=== Available data ===
*** Begin section ***
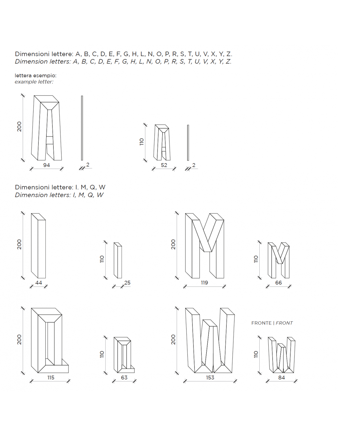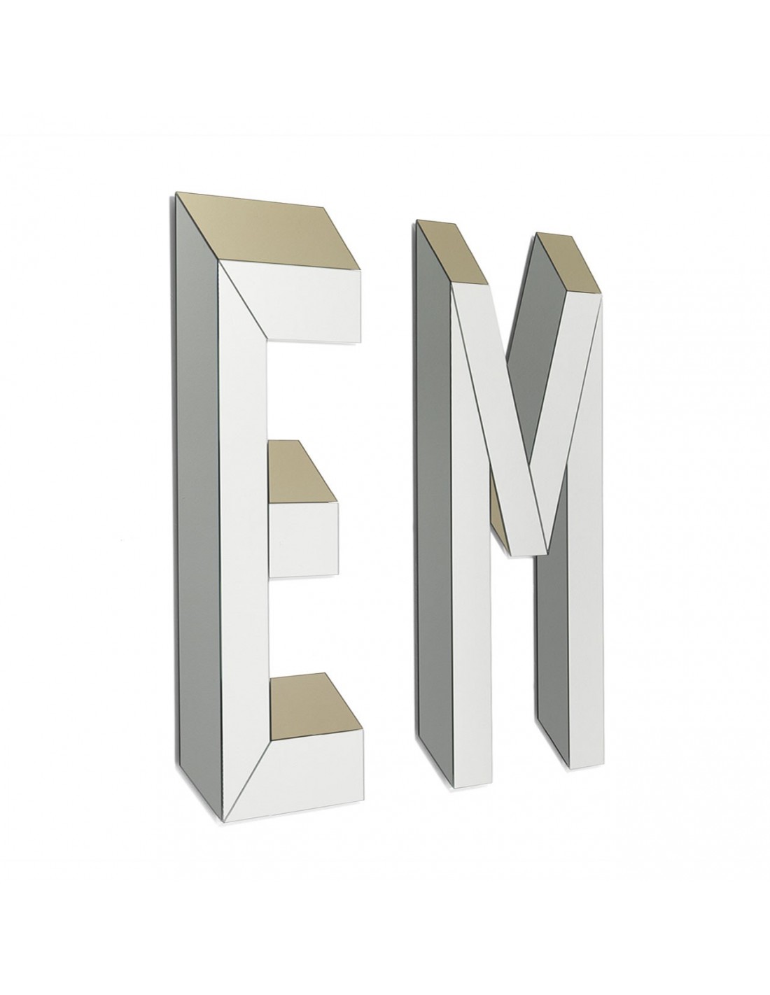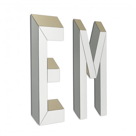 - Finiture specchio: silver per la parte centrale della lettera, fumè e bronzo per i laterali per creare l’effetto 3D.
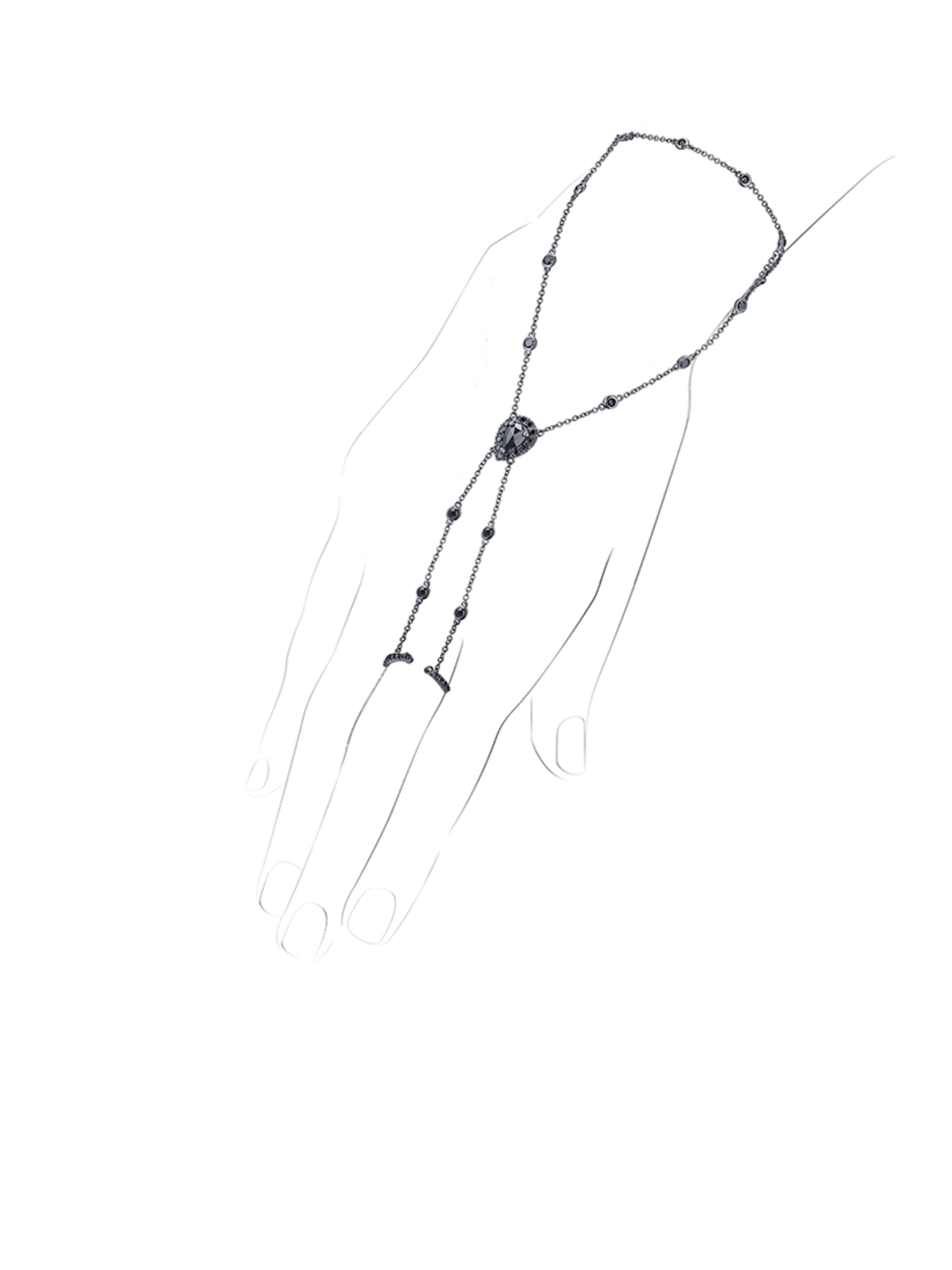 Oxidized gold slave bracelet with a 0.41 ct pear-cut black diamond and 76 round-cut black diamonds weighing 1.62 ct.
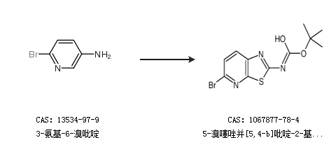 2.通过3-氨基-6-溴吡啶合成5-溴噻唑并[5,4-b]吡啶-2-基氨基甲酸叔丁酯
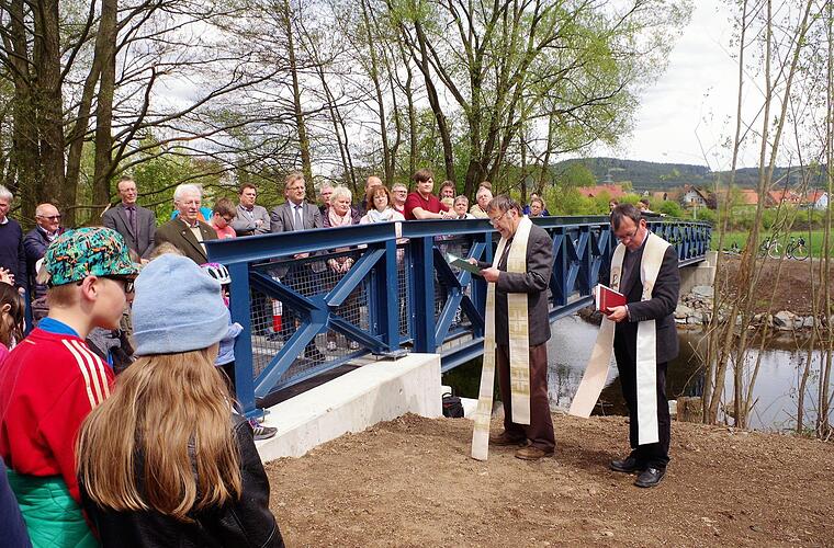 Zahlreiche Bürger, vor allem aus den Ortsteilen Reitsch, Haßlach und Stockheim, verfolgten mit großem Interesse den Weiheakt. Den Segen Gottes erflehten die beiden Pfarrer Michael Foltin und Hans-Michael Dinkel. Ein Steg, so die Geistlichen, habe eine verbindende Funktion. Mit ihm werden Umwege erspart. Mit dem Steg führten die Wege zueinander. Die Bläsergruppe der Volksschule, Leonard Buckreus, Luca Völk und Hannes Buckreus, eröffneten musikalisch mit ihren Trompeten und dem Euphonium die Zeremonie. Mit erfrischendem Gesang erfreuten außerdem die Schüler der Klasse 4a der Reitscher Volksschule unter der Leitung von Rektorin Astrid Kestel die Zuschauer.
*** End section ***
=== Your assignment ===
Output the listing above in full and exactly, with pictures excluded.

=== Exercise response ===
 - Finiture specchio: silver per la parte centrale della lettera, fumè e bronzo per i laterali per creare l’effetto 3D.
 Oxidized gold slave bracelet with a 0.41 ct pear-cut black diamond and 76 round-cut black diamonds weighing 1.62 ct.
 2.通过3-氨基-6-溴吡啶合成5-溴噻唑并[5,4-b]吡啶-2-基氨基甲酸叔丁酯
 Zahlreiche Bürger, vor allem aus den Ortsteilen Reitsch, Haßlach und Stockheim, verfolgten mit großem Interesse den Weiheakt. Den Segen Gottes erflehten die beiden Pfarrer Michael Foltin und Hans-Michael Dinkel. Ein Steg, so die Geistlichen, habe eine verbindende Funktion. Mit ihm werden Umwege erspart. Mit dem Steg führten die Wege zueinander. Die Bläsergruppe der Volksschule, Leonard Buckreus, Luca Völk und Hannes Buckreus, eröffneten musikalisch mit ihren Trompeten und dem Euphonium die Zeremonie. Mit erfrischendem Gesang erfreuten außerdem die Schüler der Klasse 4a der Reitscher Volksschule unter der Leitung von Rektorin Astrid Kestel die Zuschauer.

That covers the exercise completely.